Adding coverage data to your VCF¶
pVACseq is able to parse coverage information directly from the VCF. The expected annotation format is outlined below.
Type |
VCF Sample |
Format Fields |
---|---|---|
Tumor DNA Coverage |
single-sample VCF or |
|
Tumor RNA Coverage |
single-sample VCF or |
|
Normal DNA Coverage |
|
|
Tumor DNA Coverage
If the VCF is a single-sample VCF, pVACseq assumes that this sample is the
tumor sample. If the VCF is a multi-sample VCF, pVACseq will look for the
sample using the sample_name
parameter and treat that sample as the tumor
sample.
For this tumor sample, the tumor DNA depth is determined from the DP
format field.
The tumor DNA VAF is determined from the AF
field. If the VCF does not contain a
AF
format field, the tumor DNA VAF is calculated from the AD
and DP
fields
by dividing the allele count by the total read depth.
Tumor RNA Coverage
If the VCF is a single-sample VCF, pVACseq assumes that this sample is the
tumor sample. If the VCF is a multi-sample VCF, pVACseq will look for the
sample using the sample_name
parameter and treat that sample as the tumor
sample.
For this tumor sample, the tumor RNA depth is determined from the RDP
format field.
The tumor RNA VAF is determined from the RAF
field. If the VCF does not contain a
RAF
format field, the tumor RNA VAF is calculated from the RAD
and RDP
fields
by dividing the allele count by the total read depth.
Normal DNA Coverage
To parse normal DNA coverage information, the input VCF to pVACseq will need to be a
multi-sample (tumor/normal) VCF, with one sample being the tumor sample, and the other
the matched normal sample. The tumor sample is identified by the
sample_name
parameter while the normal sample can be specified with
--normal-sample-name
option.
For this normal sample, the normal DNA depth is determined from the DP
format field.
The normal DNA VAF is determined from the AF
field. If the VCF does not contain a
AF
format field, the normal DNA VAF is calculated from the AD
and DP
fields
by dividing the allele count by the total read depth.
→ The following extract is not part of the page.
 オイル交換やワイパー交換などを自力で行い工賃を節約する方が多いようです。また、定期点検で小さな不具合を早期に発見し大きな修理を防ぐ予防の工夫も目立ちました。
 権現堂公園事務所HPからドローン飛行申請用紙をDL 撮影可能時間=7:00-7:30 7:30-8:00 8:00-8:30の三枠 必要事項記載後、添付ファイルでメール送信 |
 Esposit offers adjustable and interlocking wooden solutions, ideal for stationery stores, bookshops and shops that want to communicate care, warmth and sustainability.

Using the vcf-readcount-annotator to add coverage information to your VCF¶
Some variant callers will already have added coverage information to your VCF.
However, if your VCF doesn’t contain coverage information or if you need to
add coverage information for additional samples or for RNA-seq data, you can
use the vcf-readcount-annotator
to do so. The vcf-readcount-annotator
will take the output from bam-readcount and use it to
add readcounts to your VCF.
bam-readcount needs to be run separately for snvs and indels so it is
recommended to first split multi-allelic sites by using a tool such as vt
decompose
.
Installing vt¶
The vt
tool suite can be installed by following the instructions on their
page.
Installing bam-readcount¶
The vcf-readcount-annotator
will add readcount information from bam-readcount
output files to your VCF. Therefore, you will first need to run bam-readcount
to obtain a file of readcounts for your variants.
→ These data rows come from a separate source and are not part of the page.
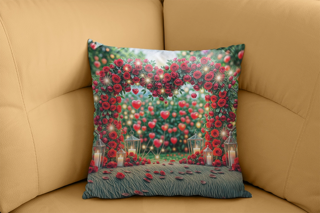 Bu tasarım, aşkın ve romantizmin en büyüleyici halini, adeta bir peri masalından fırlamış gibi gözler önüne seriyor. Yemyeşil ağaçların ve çalıların arasında yükselen, binlerce taze kırmızı gülden oluşmuş kalp şeklinde bir kemer, sevginin sonsuzluğunu ve tutkunun derinliğini simgeliyor. Kemerin etrafına serpiştirilmiş sıcak sarı ışıklar ve havada süzülen küçük kırmızı kalpler, büyülü bir atmosfer yaratırken, yere serpilmiş gül yaprakları ve zarif fenerler, her bir anın özel olduğunu fısıldıyor. Bu eser, izleyicide derin bir huzur, tarifsiz bir romantizm ve unutulmaz anlara duyulan özlem hissi uyandırır. Evlilik teklifi, düğün, nişan veya özel yıldönümleri gibi hayatın en değerli anlarını ölümsüzleştirmek için tasarlanmıştır. Her bakışta aşkın büyüsünü hatırlatan, mekanlara sıcaklık ve zarafet katan, adeta bir rüyadan fırlamış gibi büyülü bir his bırakacaktır.
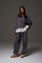 Джемпер в крое трапеция, выполнен из трикотажного полотна серого цвета. Характеристика: крой трапеция - расширяется к низу, овальная горловина, рукав спущен, спинка изделия чуть удлинена, по низу изделия пришита рюша из струящейся ткани с кружевом. Длина изделия по центру спинки 67 см ( с учетом кружева), длина рукава от края горловины 73 см.
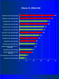 | 13 | RX 6600 XT 8 ГБ, 2359—2664/16000 | 396 | 57 | 70 000 |
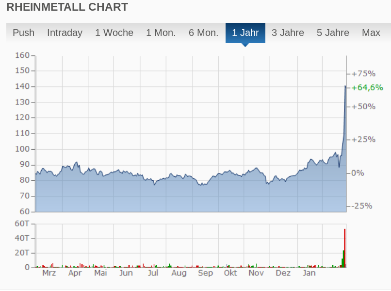 Gutes Beispiel ist Rheinmetall. Der Rüstungskonzern hat seit dem 24. Februar 2022 ein mächtiges Hoch im Aktienkurs zu verzeichnen. So ist der Kurs, Stand 01. März 2022, um 42,3 Prozent gestiegen. Es ist der höchste Aktienwert, den der Konzern seit 10 Jahren verzeichnen kann. Gleichzeitig brachte sich Rheinmetall auch für die Aufrüstungspläne der BRD ins Spiel. So bot Rheinmetall-Chef Armin Papperger an: „Wir haben für das Ministerium aktuell Listen aufgestellt, was kurzfristig verfügbar wäre. Wir als Rheinmetall könnten in kurzer Zeit Ausrüstung im Wert von 42 Milliarden Euro liefern.“ Darüber hinaus seinen innerhalb von zwölf Monaten logistische Fahrzeuge, innerhalb von 18 Monaten Radfahrzeuge und innerhalb von 24 Monaten auch Kettenfahrzeuge lieferbar.

Follow the installation instructions on the bam-readcount GitHub page.
Installing the vcf-readcount-annotator¶
The vcf-readcount-annotator
is part of the vatools
package.
Please visit vatools.org for more details on this package.
You can install this package by running:
pip install vatools
Running vt decompose¶
Example vt decompose command
vt decompose -s <input_vcf> -o <decomposed_vcf>
Running bam-readcount¶
bam-readcount uses a bam file and site list regions file as input. The site lists are created from your decomposed VCF, one for snvs and one for indels. Snvs and indels are then run separately through bam-readcount using the same bam. Indel regions must be run in a special insertion-centric mode.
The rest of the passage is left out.